Senior Technical Account Manager - GPU
- Causeway Bay, Hong Kong
- Permanent
- Full-time
- Visa sponsorship provided
- Build and maintain long-term technical relationships with enterprise customers, focusing on GPU performance optimization and resource allocation efficiency on AWS cloud or similar cloud services.
- Analyze customers’ current architecture, models, data pipelines, and deployment patterns; create a GPU bottleneck map and measurable KPIs (e.g., GPU utilization, throughput, P95/P99 latency, cost per unit).
- Design and optimize GPU resource usage on EC2/EKS/SageMaker or equivalent cloud compute, container, and ML services; implement node pool tiering, Karpenter/Cluster Autoscaler tuning, auto scaling, and cost governance (Savings Plans/RI/Spot/ODCR or equivalent).
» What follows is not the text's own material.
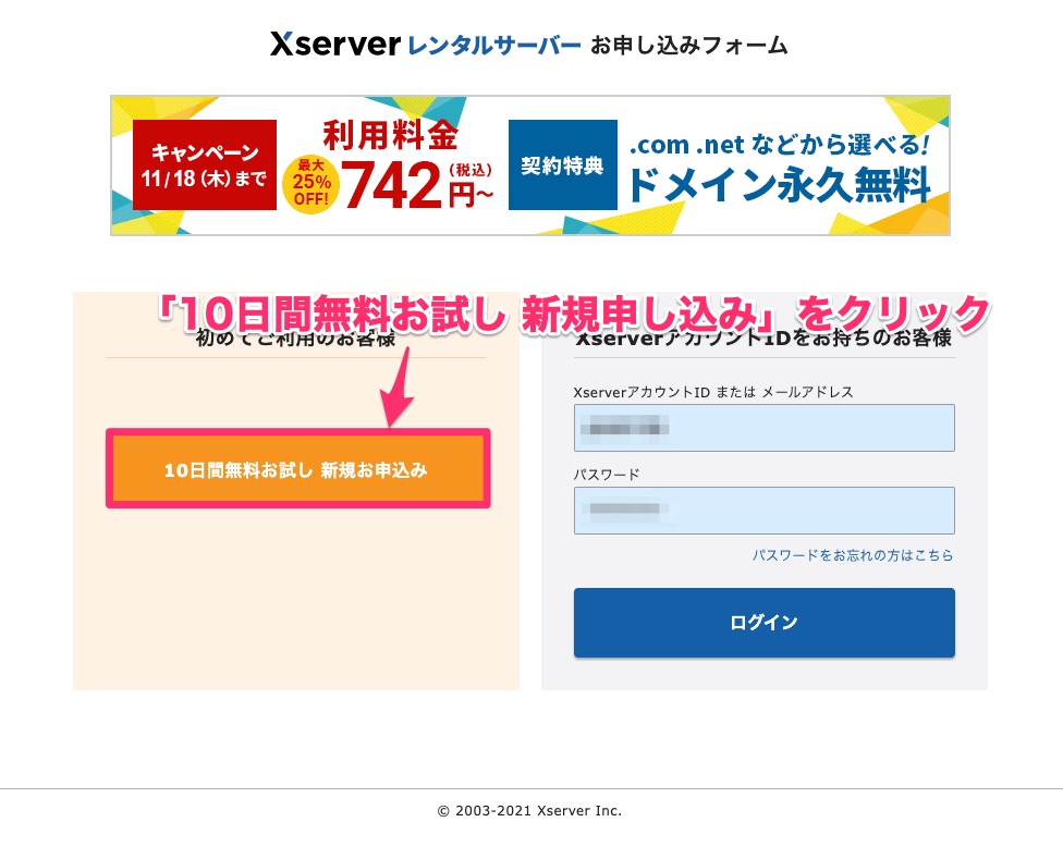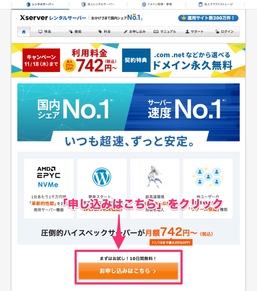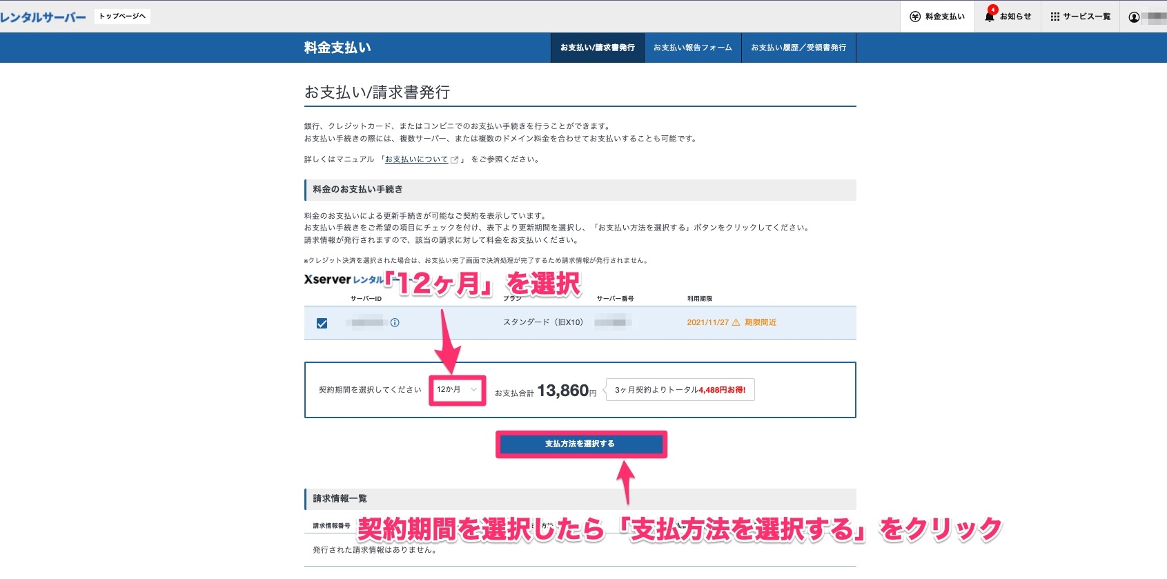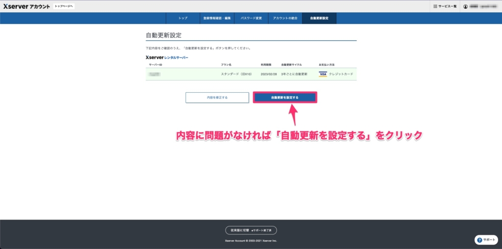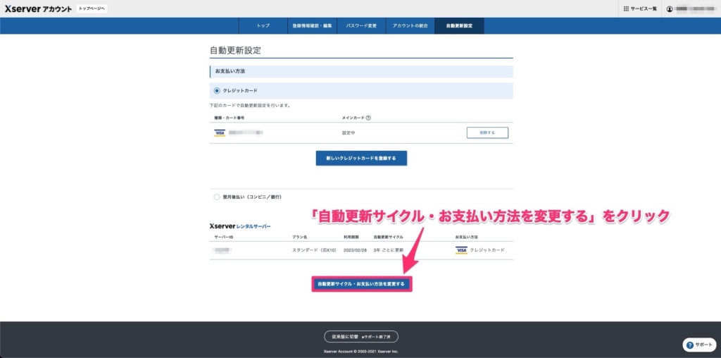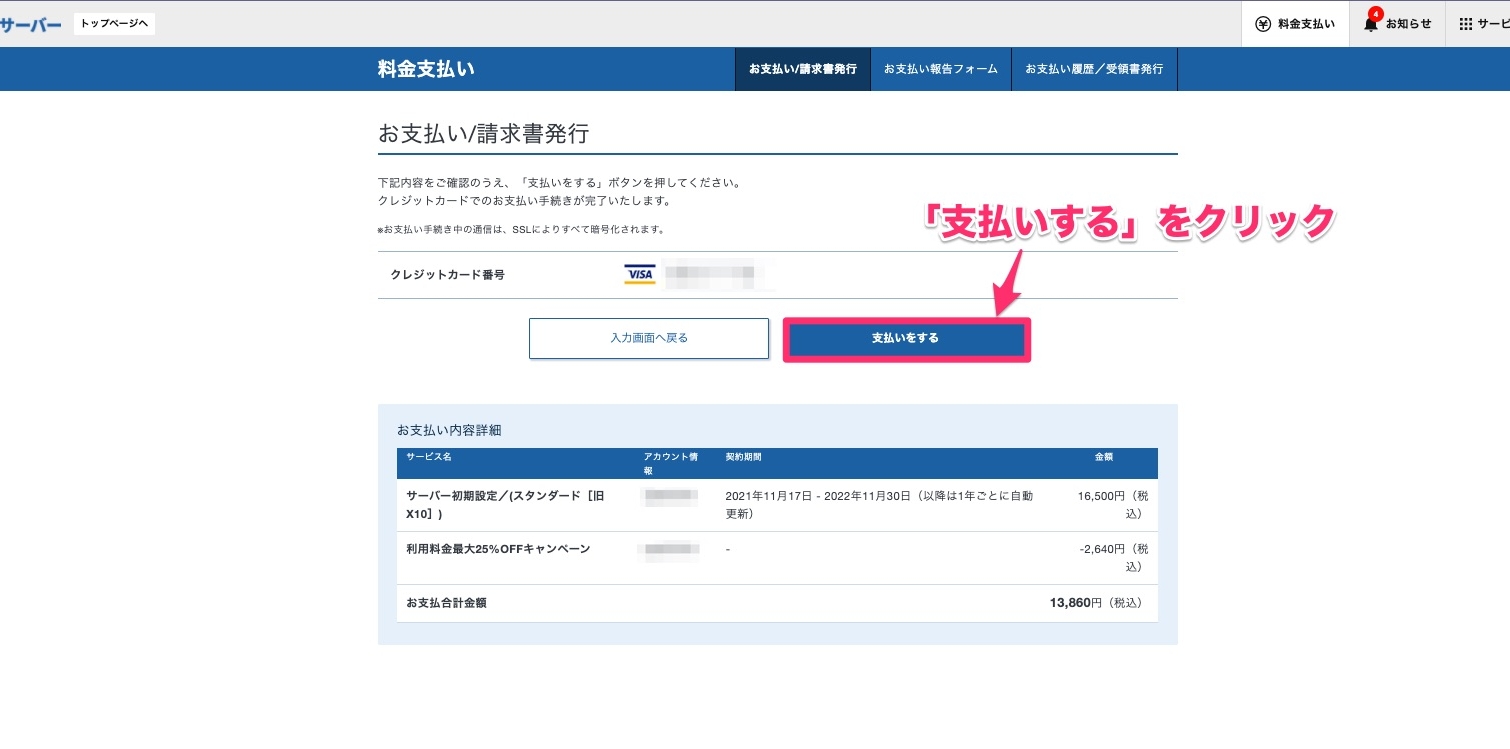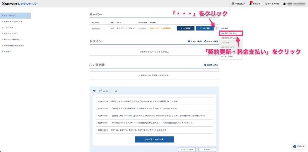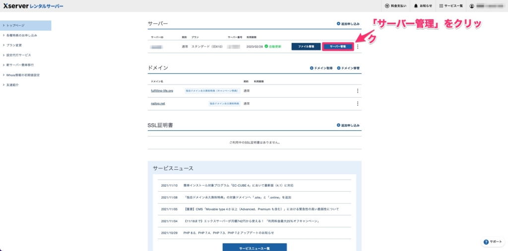 まずはサーバー契約ホーム画面の「サーバー管理」をクリックします。

- Drive GPU partitioning and multi-tenant resource sharing strategies to reduce idle resources and increase overall cluster utilization.
- Guide customers in PyTorch/TensorFlow performance tuning (DataLoader optimization, mixed precision, gradient accumulation, operator fusion, torch.compile) and inference acceleration (ONNX, TensorRT, CUDA Graphs, model compression).
- Build GPU observability and monitoring systems (nvidia-smi, CloudWatch or equivalent monitoring tools, profilers, distributed communication metrics) to align capacity planning with SLOs.
- Ensure compatibility across GPU drivers, CUDA, container runtimes, and frameworks; standardize change management and rollback processes.
- Collaborate with cloud provider internal teams and external partners (NVIDIA, ISVs) to resolve cross-domain complex issues and deliver repeatable optimization solutions.
- 5+ years in cloud technical support, solutions architecture, or customer success management, with at least 3 years of hands-on experience in GPU/accelerated computing platforms.
- In-depth understanding of GPU instance families (e.g., AWS G/P/H series) or similar offerings from other cloud providers, AMI/driver/CUDA/container compatibility management, and cloud storage/network performance tuning (e.g., S3 I/O, EBS/Instance Store equivalents, preprocessing pipelines). Proficient in scheduling GPU workloads with EKS or equivalent Kubernetes-based orchestration services, including node pool tiering, resource quotas, elastic scaling, and auto-recovery strategies. Experienced in multi-GPU/multi-node distributed computing (NCCL, topology awareness, tensor parallelism, pipeline parallelism) with expertise in communication optimization for large-scale AI training and inference.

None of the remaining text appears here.